A .txt file containing details of the data was also downloaded from Kaggle along with the dataset. Here you can find the questions that were asked of the participants and additional data that was collected (e.g. dateload - the timestamp from when the questionnaire was started). 

In [4]:
f = open('./data/codebook.txt', "r")
for line in f:
    print(line)
f.close()

This data was collected (2016-2018) through an interactive on-line personality test.

The personality test was constructed with the "Big-Five Factor Markers" from the IPIP. https://ipip.ori.org/newBigFive5broadKey.htm

Participants were informed that their responses would be recorded and used for research at the beginning of the test, and asked to confirm their consent at the end of the test.



The following items were presented on one page and each was rated on a five point scale using radio buttons. The order on page was was EXT1, AGR1, CSN1, EST1, OPN1, EXT2, etc.
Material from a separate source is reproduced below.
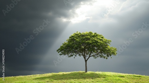 © Jakkarin, Obraz premium Standing Tall: Resilience of a Lone Tree Against Dark Storm Clouds in Ultra-Detailed Shot
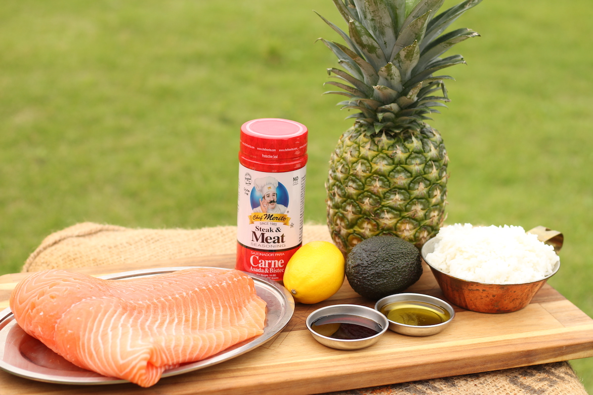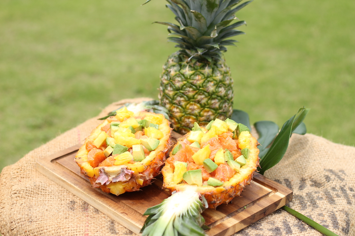 ご飯の上にサーモン、アボカド、パイナップルを散らす。

The scale was labeled 1=Disagree, 3=Neutral, 5=Agree



EXT1	I am the life of the party.

EXT2	I don't talk a lot.

EXT3	I feel comfortable around people.

EXT4	I keep in the background.

EXT5	I start conversations.

EXT6	I have little to say.

EXT7	I talk to a lot of different people at parties.

EXT8	I don't like to draw attention to myself.

EXT9	I don't mind being the center of attention.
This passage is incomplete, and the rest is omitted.